In conclusion, MTH1 inhibitors are yet in an early stage of clinical trials but have shown promising pharmacokinetic and toxicologic properties, 25 , 30 with clinical efficacy yet to be investigated in further inflammatory settings. The effect of MTH1 inhibition seems to be highly specific for pro‐inflammatory T cells, driving the surviving T cells towards an MTH1lowROSlow phenotype and alleviating autoimmune disease (Figure 3).
FIGURE 3.
Inhibition of MTH1 alleviates T cell‐driven diseases by killing pro‐inflammatory cells and driving the T cell population towards an MTH1lowROSlow phenotype. When resting T cells (1) get activated (2), their ROS and MTH1 levels increase, ameliorating their survival, proliferation, cytokine secretion and cytotoxic activity in autoimmune diseases (3a). Upon MTH1 inhibition, the MTH1highROShigh cells die, driving the T cell population towards another phenotype, MTH1lowROSlow T cells (3b), with reduced disease activity in disease models of T cell‐driven diseases like psoriasis and experimental autoimmune encephalomyelitis. Figure created with BioRender.com and reprinted with permission from the thesis “The DNA repair enzymes MTH1 and OGG1 as targets to treat inflammation” 8
7. OGG1 IS ASSOCIATED WITH INFLAMMATION
Just like MTH1, the other target reviewed in this MiniReview—OGG1—is up‐regulated in inflammatory diseases like multiple sclerosis and inflammatory bowel disease. 33 , 34 Several animal models have suggested that OGG1 knockout mice are inherently resistant to inflammation, like sepsis and airway inflammation. 35 , 36 The OGG1 knockout mice have an increased amount of 8‐oxoG in their genome and a slightly increased tumour rate but are otherwise viable and grow old. 37 This has made OGG1 an interesting drug target, and several OGG1 inhibitors have been developed with promising results. 38 , 39 , 40
Using murine in vivo models of aseptic pneumonia induced with lipopolysaccharide (LPS) and tumour necrosis factor‐α (TNF‐α), we showed that the OGG1 inhibitor TH5487 (other name OXC‐201) rapidly suppresses neutrophil infiltration in the lungs. 40 The effect was strongest when given prophylactically, but a clear, time‐dependent effect was also seen when given up to 9 h after TNF‐α stimulation, when the neutrophil infiltration was already increased.

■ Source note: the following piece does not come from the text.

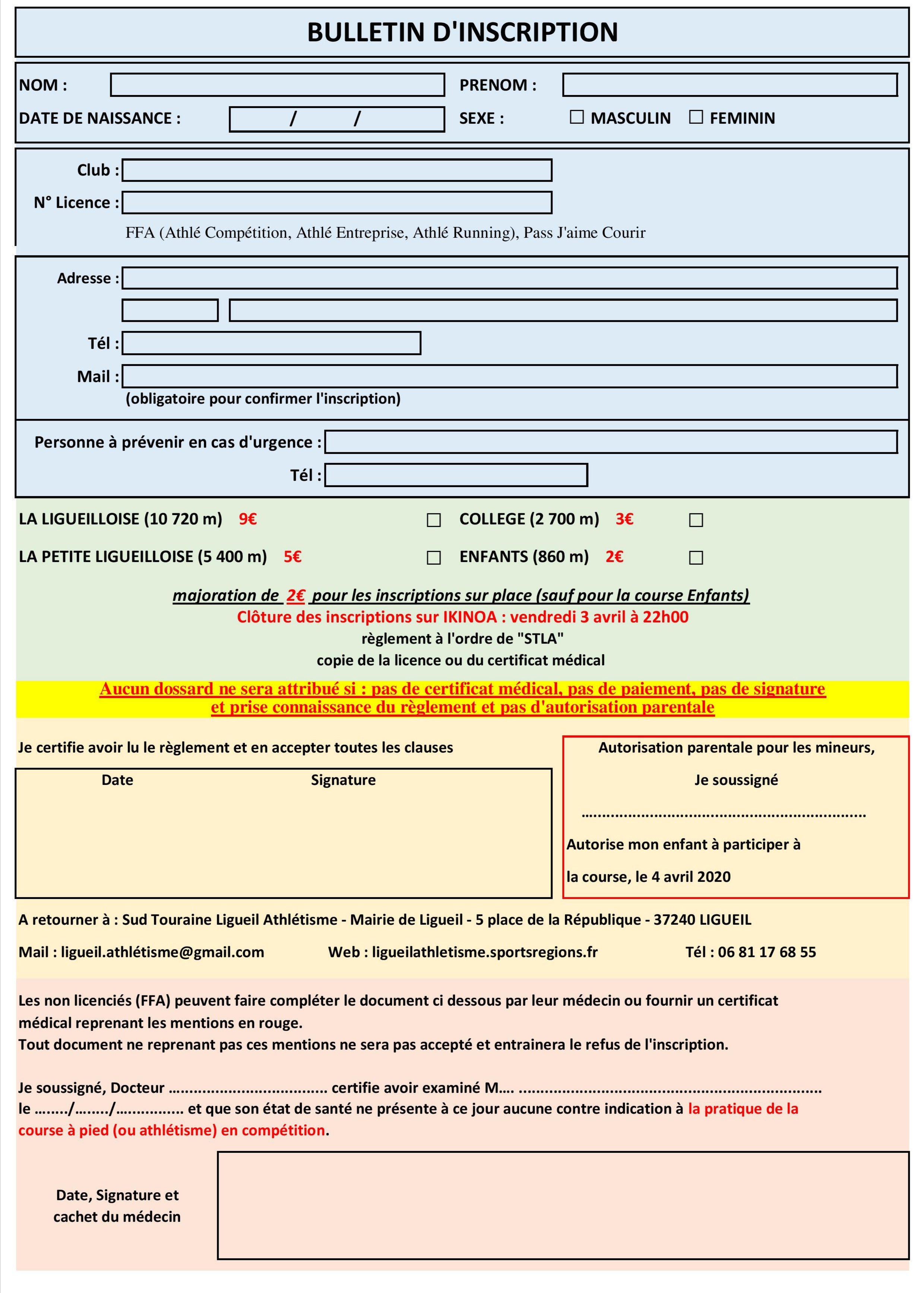 Bulletin d'inscription la ligueilloise

These results could indicate that OGG1 inhibition alters early inflammatory signalling and that the effect on the neutrophils is secondary, due to decreased levels of chemotactic cytokines. The data also show that many pro‐inflammatory genes are suppressed both in vivo and in vitro, 40 which could support this claim. However, the direct effect on neutrophils has not been studied with TH5487. Therefore, a direct neutrophil‐dependent effect, in addition to an indirect chemotactic effect through cytokine suppression, cannot be excluded.

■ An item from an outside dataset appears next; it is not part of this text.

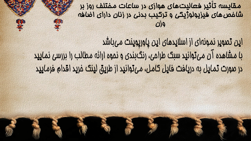پاورپوینت مقایسه تأثیر فعالیتهای هوازی در ساعات مختلف روز بر شاخصهای فیزیولوژیکی و ترکیب بدنی در زنان دارای اضافه وزن

We demonstrated a broad cytokine suppressing effect on both murine cells and human cells, where OGG1 inhibition diminished a wide array of pro‐inflammatory gene expression. Importantly, we also knocked out OGG1 with CRISPR/Cas9 to prove that the cytokine suppressing effect in knockout cells was comparable to the inhibitor‐treated cells. 40
The exact mechanism of how OGG1 is involved in inflammation has been studied extensively before, and it has been suggested that the interaction of OGG1 to its substrate 8‐oxoG in DNA is needed for inflammatory signalling and ameliorates gene transcription. 41 Not only the catalytic activity is important but also the DNA‐binding site of OGG1 is thought to play an important role, by assembling the transcription machinery. 40 , 41 This was demonstrated using the OGG1 inhibitor TH5487, which prevented OGG1 from binding to the guanine‐rich promoter regions of pro‐inflammatory genes, inhibiting the expression of pro‐inflammatory genes. 40 It was also later confirmed that a catalytically dead mutant of OGG1, K249Q, able to bind to 8‐oxoG but not excise it from the DNA, resulted in even higher pro‐inflammatory gene expression. 42 However, this does not exclude additional downstream effects of OGG1 on inflammation.
8. SUPPRESSING INFLAMMATION WITHOUT SUPPRESSING LYMPHOCYTES
In addition to acute pneumonia induced by LPS or TNF‐α, emerging data suggest that OGG1 inhibition by TH5487 attenuates lung fibrosis in a bleomycin model of pulmonary fibrosis. 43 This could indicate that also chronic inflammation can be mitigated by OGG1 inhibition. One challenge with immunosuppression in the context of both acute and chronic inflammation is that the immunosuppression itself can have adverse effects. It is widely known that immunosuppression caused by medication, infections like HIV or even ageing can lead to life‐threatening infections and cancer in the long run. 2 , 44 It is thus important to not suppress immunity too strongly or non‐specifically when developing new clinically relevant drug candidates for inflammatory diseases.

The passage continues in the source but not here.